In five minutes we were at the wicket of a small tumble-down building, with dilapidated windows and a ruinous thatched roof, which was in fact the dwelling of no less a personage than the "King of Naples," but was seldom alluded to by that worthy in more definite terms than "the old place," or "my shop"; and this only when in a particularly confidential mood--its existence being usually indicated by a jerk of the head towards his blind side, which was supposed to infer proper caution, and a decorous respect for the sanctity of private life. It was indeed one of those edifices of which the word "tenement" seems alone to convey an adequate description. The garden produce consisted of a ragged shirt and a darned pair of worsted stockings, whilst a venerable buck rabbit looked solemnly out from a hutch on one side of the doorway, and a pair of red-eyed ferrets shed their fragrance from a rough deal box on the other. "Nap" himself was not to be seen on a visitor's first entrance into his habitation, but generally appeared after a mysterious delay, from certain back settlements, of which one never discovered the exact "whereabout." A grimy old woman, with her skirts pinned up, was invariably washing the staircase when we called, and it was only in obedience to her summons that "Nap" himself could be brought forward.

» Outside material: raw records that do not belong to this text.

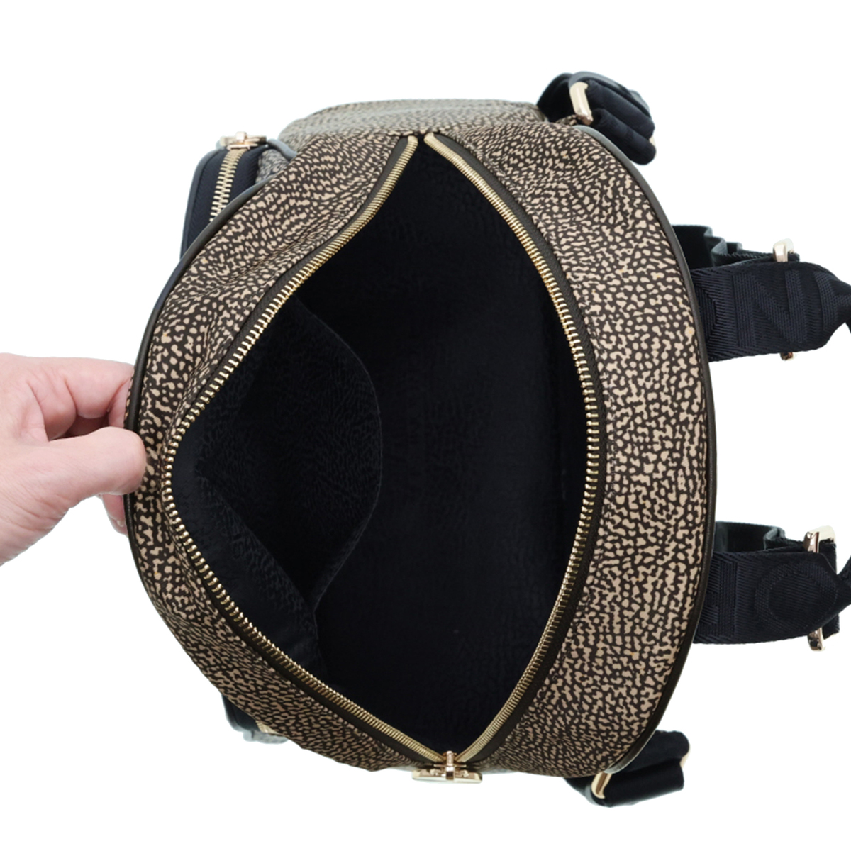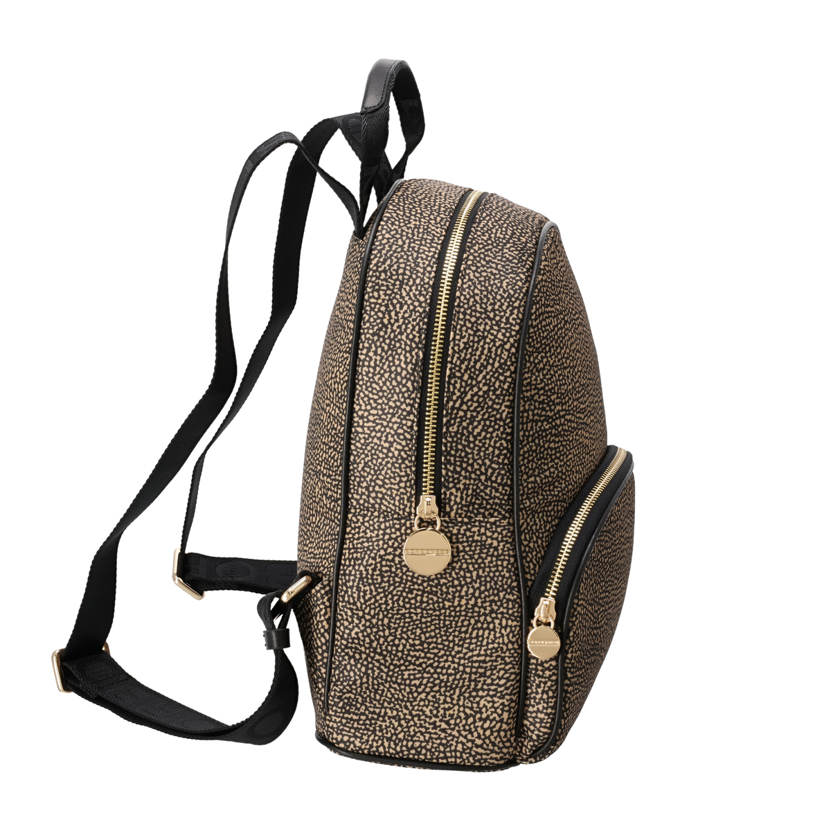 ポケットを豊富に備えたバックパック。見た目はコンパクトながら、A4ノートや500mlのペットボトル、折り畳み傘、メガネケース、化粧ポーチ、2段のお弁当箱などが収納可能です。外側・内側ともに使いやすいポケットが揃い、荷物の整理がしやすい仕様です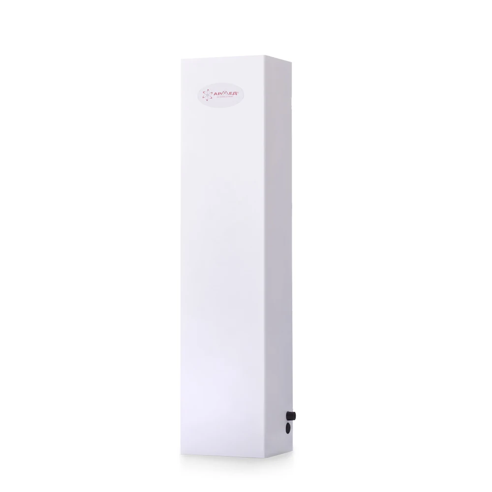 Прочный металлический корпус рециркулятора устойчив к ударам и воздействию внешних факторов. Конструкция закрытого типа надежно защищает УФ-лампу. Защитный корпус не пропускает ультрафиолет, поэтому смело можно находиться в обрабатываемом помещении без малейшего риска для здоровья.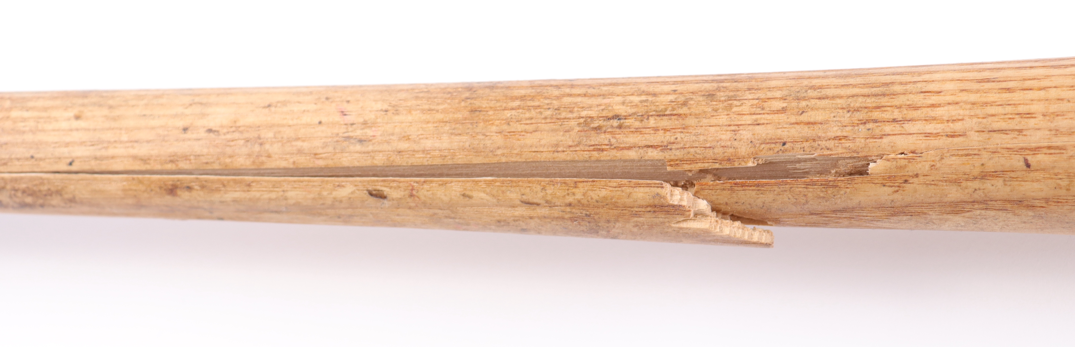 Rawlings Pro Bone Rubbed Big Stick IM77BR baseball bat. The bat has been hand-signed by Kyle Schwarber (Philadelphia Phillies). Please note the bat has been game-used and cracked by an unknown player.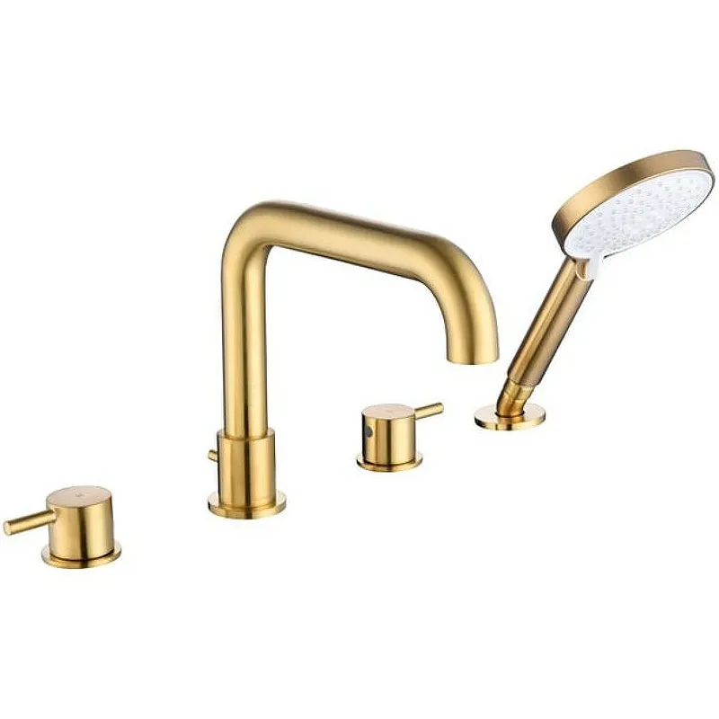 Смеситель на борт ванны Caprigo Don 53-410-BRG.Характеристики: Цвет: золото матовое. Материал: латунь. Управление: двухвентильное. Механизм: керамическая кран-букса. Излив: фиксированный. Аэратор. Материал ручного душа: ABS-пластик. Диаметр лейки ручного душа: 120 мм. Количество режимов струи ручного душа: 2. Переключение режимов ручного душа: флажковое. Стандарт подводки: 1/2. Отверстия для монтажа: 4. Монтаж: на борт ванны. В комплекте поставки: Смеситель. Душевой шланг. Ручной душ. Держатель ручного душа.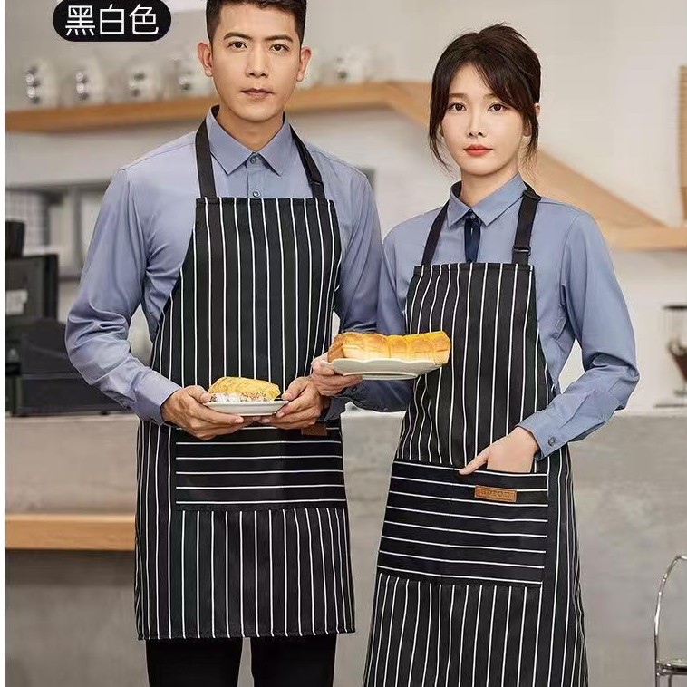 メーカー直販クロスボーダーアマゾン首掛けストライプポリエステルエプロンレストラン園芸カフェ作業服印logo

This dame possessed a superstitious interest in the eyes of us boys, on account of the mysterious relationship in which she stood to "Nap." He always addressed her as "mother"--but no boy at Everdon had yet ascertained whether this was a generic term significant of age and sex, an appellation of endearment to a spouse, or a tribute of filial reverence from a son.

"Come, 'Nap,' look alive," halloed Victor, as we rushed up the narrow path that led from the wicket to the door, in breathless haste not to lose the precious moments of our half-holiday. "Now, mother, where is he?" added the lively young truant. "Time's up; 'Nap'--'Nap'!"--and the walls echoed to Victor's rich, laughing voice, and half-foreign accent. As usual, after an interval of a few minutes, "Nap" himself appeared at the back door of the cottage, with a pair of greased half-boots in one hand, and a ferret, that nestled confidingly against his cheek, in the other.

"Sarvice, young gen'elmen," said "Nap," wiping his mouth with the back of his hand--"Sarvice, my lord; sarvice, Muster Egerton," repeated he, on recognising his two stanchest patrons. "Here, Bold! Bold!--you do know your master, sure*lie*," as Bold came rollicking forth from the back-yard in which he lived, and testified his delight by many ungainly gambols and puppy-like freedoms, which were responded to as warmly by his delighted owner. My scale of affections at this period of life was easily defined. I loved three objects in the world--viz., my father, Victor, and Bold. I verily believe I cared for nothing on earth but those three; and certainly my dog came in for his share of regard. Bold, although in all the awkwardness of puppyhood, was already beginning to show symptoms of that sagacity which afterwards developed itself into something very few degrees inferior to reason, if indeed it partook not of that faculty which we men are anxious to assume as solely our own. He would already obey the slightest sign--would come to heel at a whisper from his owner or instructor--would drag up huge stones out of ten feet of water, with ludicrous energy and perseverance; and stand waiting for further orders with his head on one side, and an expression of comic intelligence on his handsome countenance that was delightfully ridiculous. He promised to be of great size and strength; and even at this period, when he put his forepaws on my shoulders and licked my face, he was considerably the larger animal of the two. Such familiarities, however, were much discouraged by "Nap."

"If so be as you would keep a 'dawg,' real sporting and dawg-like, master," that philosopher would observe, "let un know his distance; I strikes 'em whenever I can reach 'em. Fondlin' of 'em only spiles 'em--same as women."